═════ Records for processing ═════
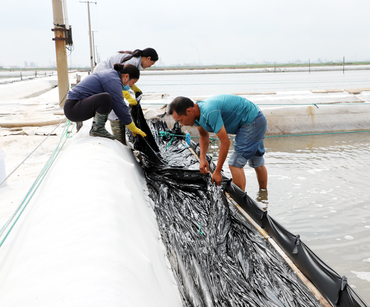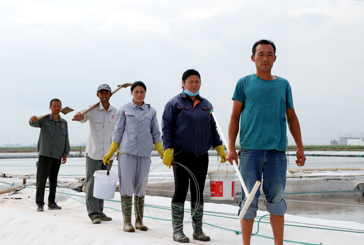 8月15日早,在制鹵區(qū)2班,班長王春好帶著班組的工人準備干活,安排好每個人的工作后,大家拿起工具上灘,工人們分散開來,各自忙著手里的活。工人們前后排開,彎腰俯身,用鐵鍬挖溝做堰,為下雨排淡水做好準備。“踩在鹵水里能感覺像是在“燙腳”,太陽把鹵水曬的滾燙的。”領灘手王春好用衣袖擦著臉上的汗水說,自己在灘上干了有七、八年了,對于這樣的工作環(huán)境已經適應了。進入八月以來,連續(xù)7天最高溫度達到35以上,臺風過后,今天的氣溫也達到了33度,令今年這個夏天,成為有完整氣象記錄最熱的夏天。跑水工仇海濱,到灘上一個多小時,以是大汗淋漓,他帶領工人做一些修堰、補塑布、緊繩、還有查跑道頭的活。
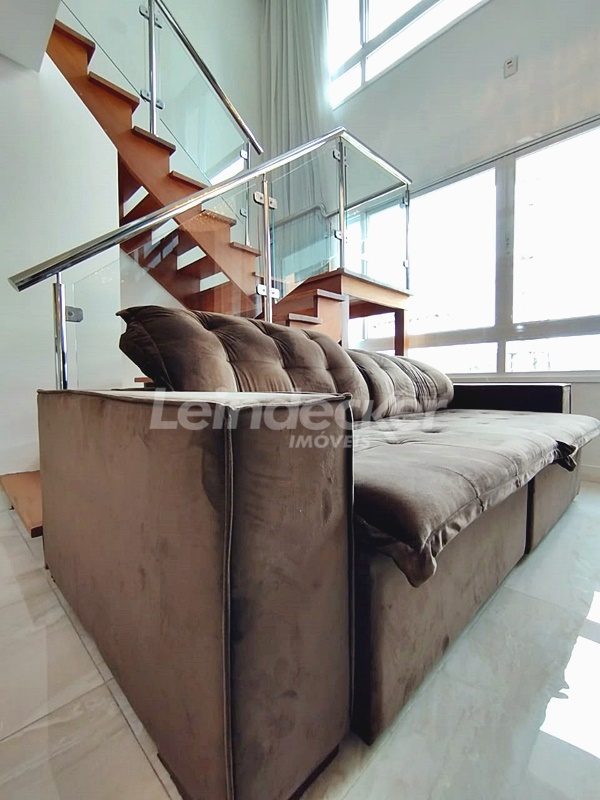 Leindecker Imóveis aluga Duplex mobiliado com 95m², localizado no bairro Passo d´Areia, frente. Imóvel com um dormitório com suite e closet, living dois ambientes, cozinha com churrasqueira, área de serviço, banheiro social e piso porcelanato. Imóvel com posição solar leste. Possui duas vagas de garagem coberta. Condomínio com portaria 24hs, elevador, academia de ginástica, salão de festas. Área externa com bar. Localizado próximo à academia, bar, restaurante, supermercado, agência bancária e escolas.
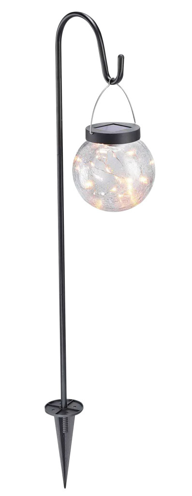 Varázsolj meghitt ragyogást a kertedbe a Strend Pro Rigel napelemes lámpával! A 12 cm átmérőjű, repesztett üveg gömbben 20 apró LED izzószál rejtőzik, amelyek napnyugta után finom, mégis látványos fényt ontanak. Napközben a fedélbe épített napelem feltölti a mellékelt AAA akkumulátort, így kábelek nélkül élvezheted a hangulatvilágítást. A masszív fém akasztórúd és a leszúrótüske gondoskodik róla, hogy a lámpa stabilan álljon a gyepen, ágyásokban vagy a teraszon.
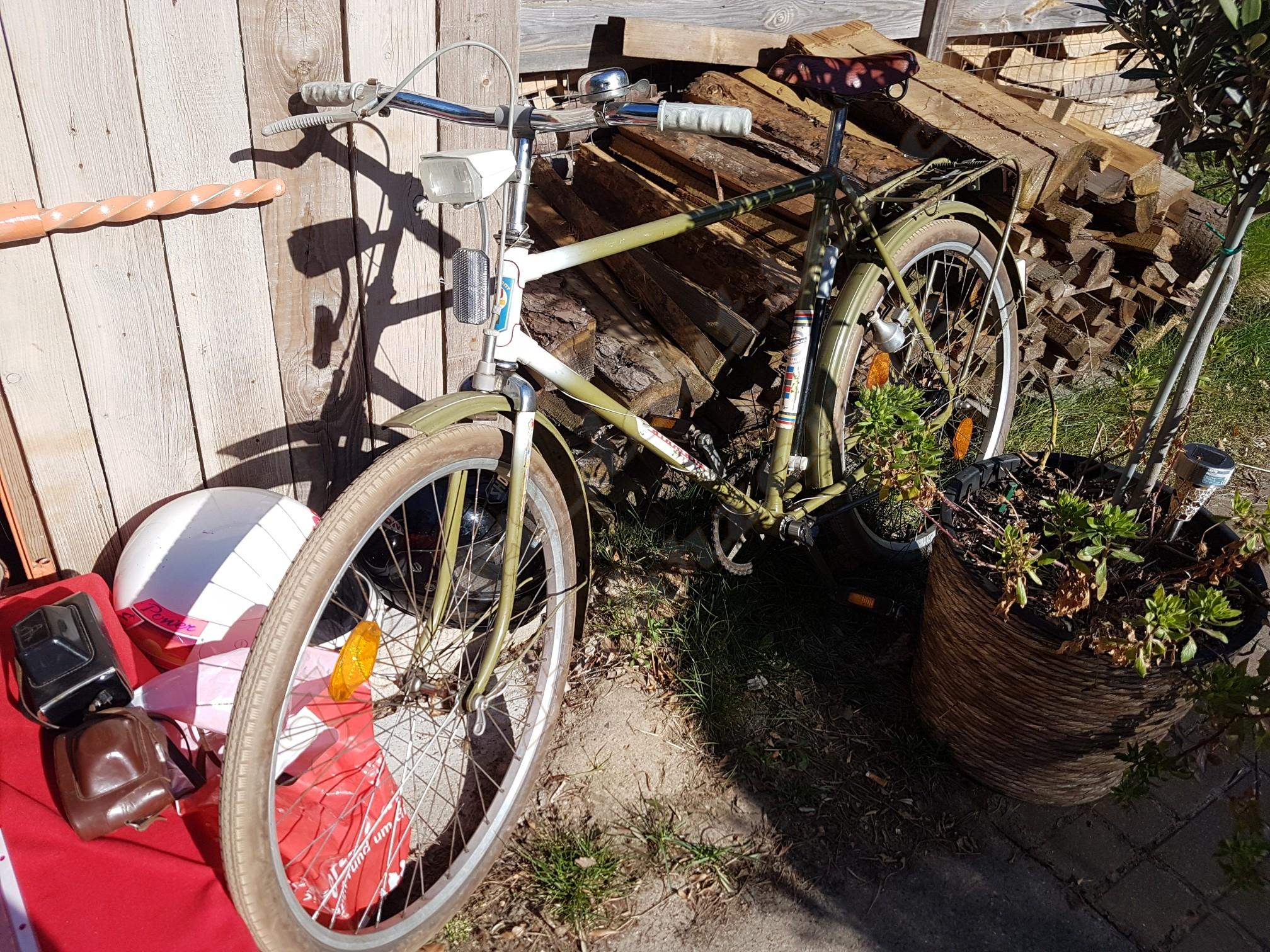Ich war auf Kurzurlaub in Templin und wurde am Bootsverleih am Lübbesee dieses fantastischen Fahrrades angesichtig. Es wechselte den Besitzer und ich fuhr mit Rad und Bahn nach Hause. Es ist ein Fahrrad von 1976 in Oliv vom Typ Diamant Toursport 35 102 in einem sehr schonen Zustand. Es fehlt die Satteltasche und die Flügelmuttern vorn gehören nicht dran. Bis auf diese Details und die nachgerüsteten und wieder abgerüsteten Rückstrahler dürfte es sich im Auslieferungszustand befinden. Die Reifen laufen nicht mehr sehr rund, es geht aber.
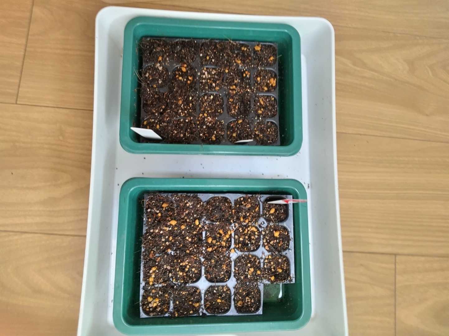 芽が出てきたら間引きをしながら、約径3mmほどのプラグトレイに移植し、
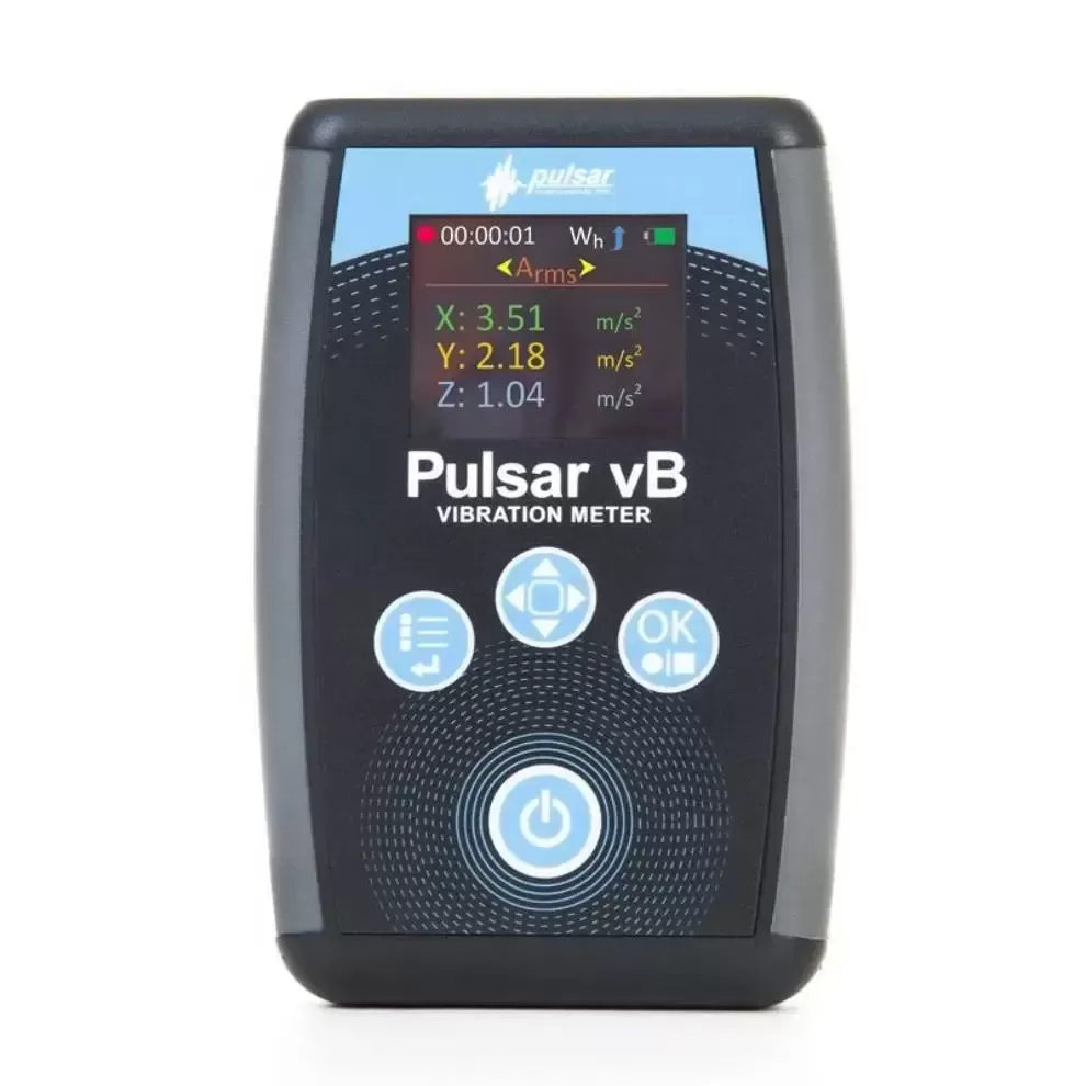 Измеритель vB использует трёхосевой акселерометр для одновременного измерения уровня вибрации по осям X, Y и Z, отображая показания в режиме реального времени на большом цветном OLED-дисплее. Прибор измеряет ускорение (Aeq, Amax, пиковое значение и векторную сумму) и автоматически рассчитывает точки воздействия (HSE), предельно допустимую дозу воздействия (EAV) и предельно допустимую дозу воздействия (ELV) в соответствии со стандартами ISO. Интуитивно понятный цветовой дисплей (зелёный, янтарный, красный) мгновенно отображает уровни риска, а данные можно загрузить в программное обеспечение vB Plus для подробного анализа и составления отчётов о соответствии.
═════
═════ Records for processing ═════
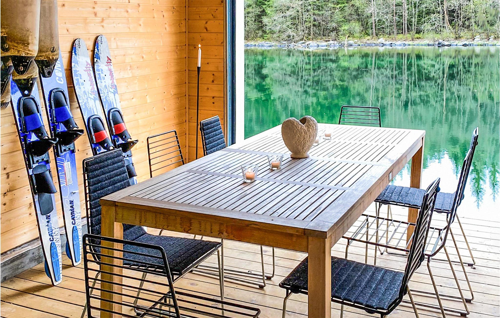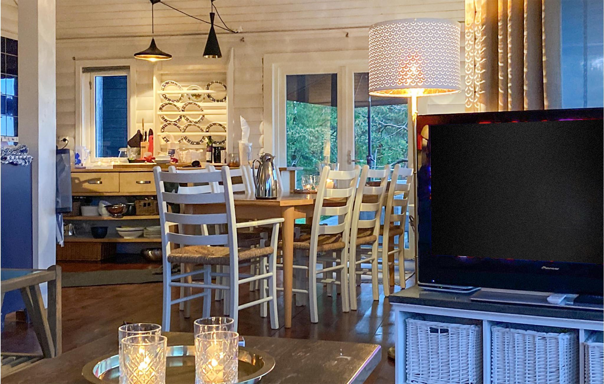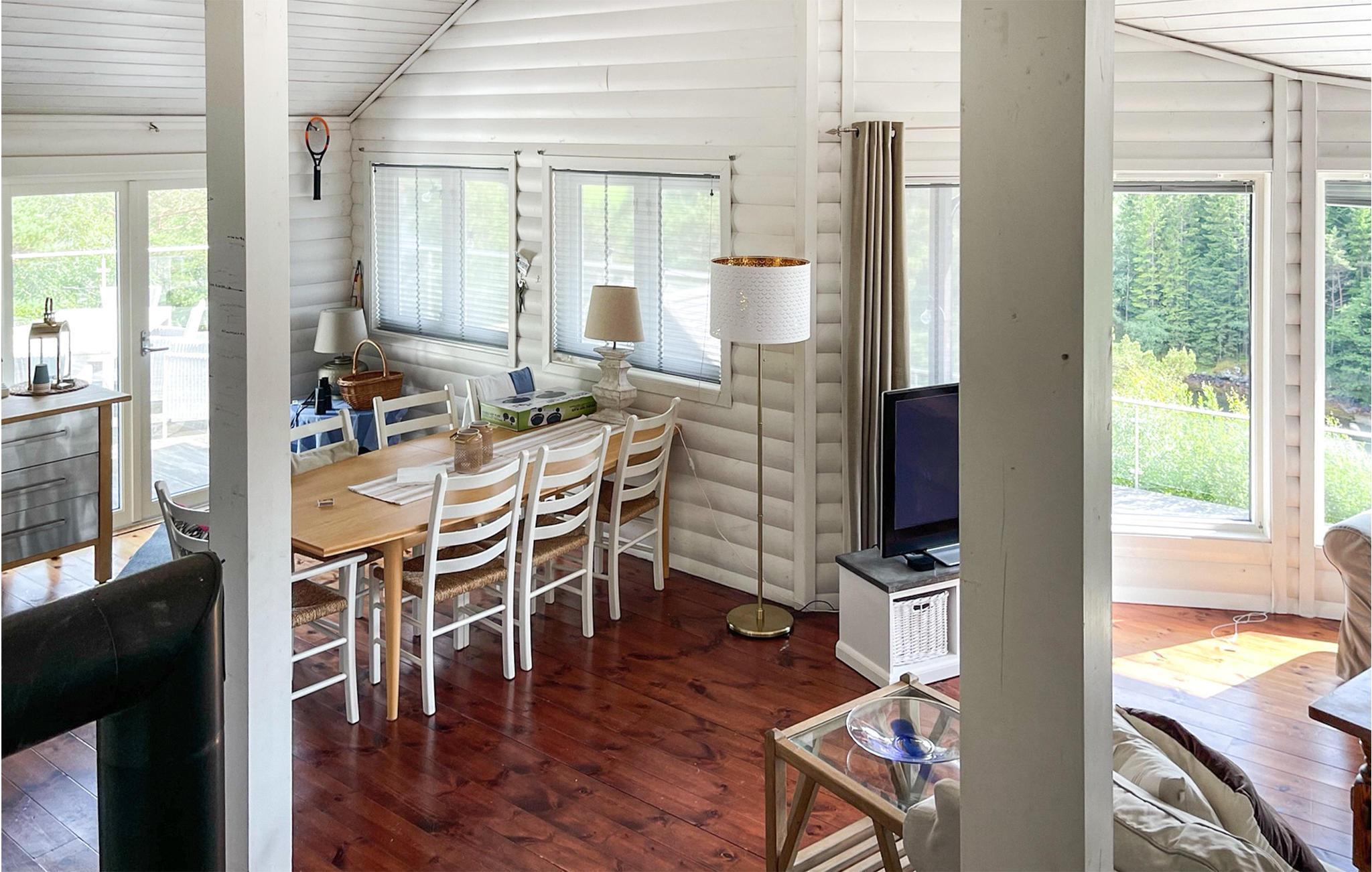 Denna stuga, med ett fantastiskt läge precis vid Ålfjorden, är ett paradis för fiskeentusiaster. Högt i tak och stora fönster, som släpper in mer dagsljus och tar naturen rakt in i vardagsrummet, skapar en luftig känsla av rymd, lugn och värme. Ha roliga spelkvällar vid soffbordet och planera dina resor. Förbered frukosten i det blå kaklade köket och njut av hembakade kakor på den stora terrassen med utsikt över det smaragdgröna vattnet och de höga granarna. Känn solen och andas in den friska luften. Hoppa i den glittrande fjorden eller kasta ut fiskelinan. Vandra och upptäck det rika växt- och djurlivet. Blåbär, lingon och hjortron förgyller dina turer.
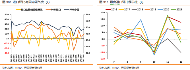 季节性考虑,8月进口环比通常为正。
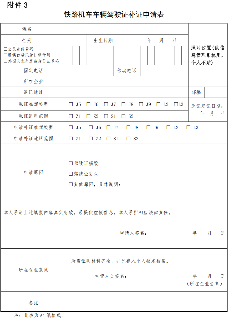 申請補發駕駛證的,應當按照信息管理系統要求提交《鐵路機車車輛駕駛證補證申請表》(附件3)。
═════
═════ Records for processing ═════
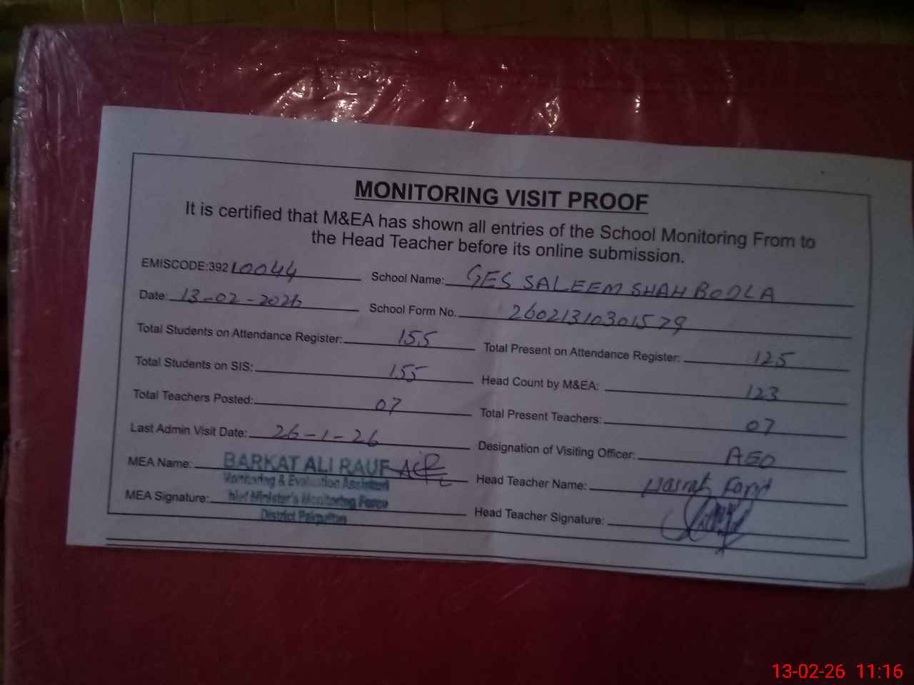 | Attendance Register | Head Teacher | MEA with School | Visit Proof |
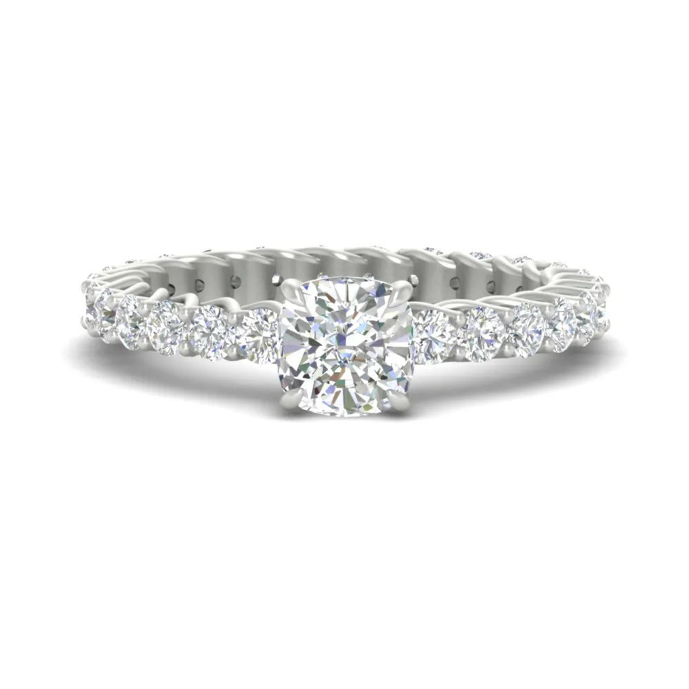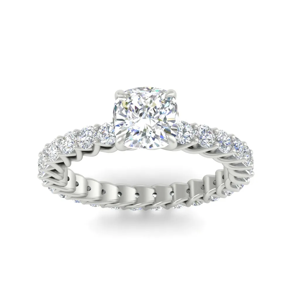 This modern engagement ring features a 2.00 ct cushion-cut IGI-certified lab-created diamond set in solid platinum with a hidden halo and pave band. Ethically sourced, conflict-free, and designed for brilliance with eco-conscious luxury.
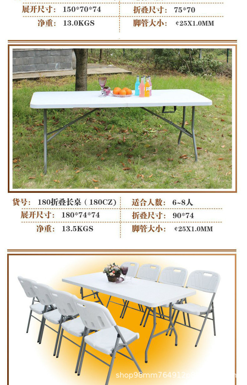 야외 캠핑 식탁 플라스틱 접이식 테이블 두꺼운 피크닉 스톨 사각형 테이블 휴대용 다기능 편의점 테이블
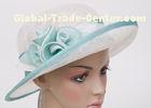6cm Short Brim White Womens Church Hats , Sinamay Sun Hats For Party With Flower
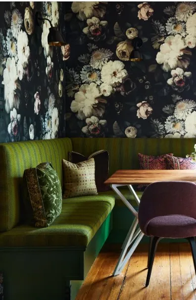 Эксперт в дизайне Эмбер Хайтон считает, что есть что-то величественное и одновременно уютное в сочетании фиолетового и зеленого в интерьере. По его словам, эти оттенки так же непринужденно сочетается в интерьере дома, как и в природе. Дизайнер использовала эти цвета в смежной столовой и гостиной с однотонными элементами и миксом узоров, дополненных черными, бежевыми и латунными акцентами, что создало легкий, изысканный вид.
═════
▸ Required action
Within the listing above, find the line containing "8月15日早,在制鹵區(qū" and the line containing "Leindecker Imóveis aluga". Transcribe them and everything between them exactly, leaving out the pictures.

▸ Solution to this exercise
 8月15日早,在制鹵區(qū)2班,班長王春好帶著班組的工人準備干活,安排好每個人的工作后,大家拿起工具上灘,工人們分散開來,各自忙著手里的活。工人們前后排開,彎腰俯身,用鐵鍬挖溝做堰,為下雨排淡水做好準備。“踩在鹵水里能感覺像是在“燙腳”,太陽把鹵水曬的滾燙的。”領灘手王春好用衣袖擦著臉上的汗水說,自己在灘上干了有七、八年了,對于這樣的工作環(huán)境已經適應了。進入八月以來,連續(xù)7天最高溫度達到35以上,臺風過后,今天的氣溫也達到了33度,令今年這個夏天,成為有完整氣象記錄最熱的夏天。跑水工仇海濱,到灘上一個多小時,以是大汗淋漓,他帶領工人做一些修堰、補塑布、緊繩、還有查跑道頭的活。
 Leindecker Imóveis aluga Duplex mobiliado com 95m², localizado no bairro Passo d´Areia, frente. Imóvel com um dormitório com suite e closet, living dois ambientes, cozinha com churrasqueira, área de serviço, banheiro social e piso porcelanato. Imóvel com posição solar leste. Possui duas vagas de garagem coberta. Condomínio com portaria 24hs, elevador, academia de ginástica, salão de festas. Área externa com bar. Localizado próximo à academia, bar, restaurante, supermercado, agência bancária e escolas.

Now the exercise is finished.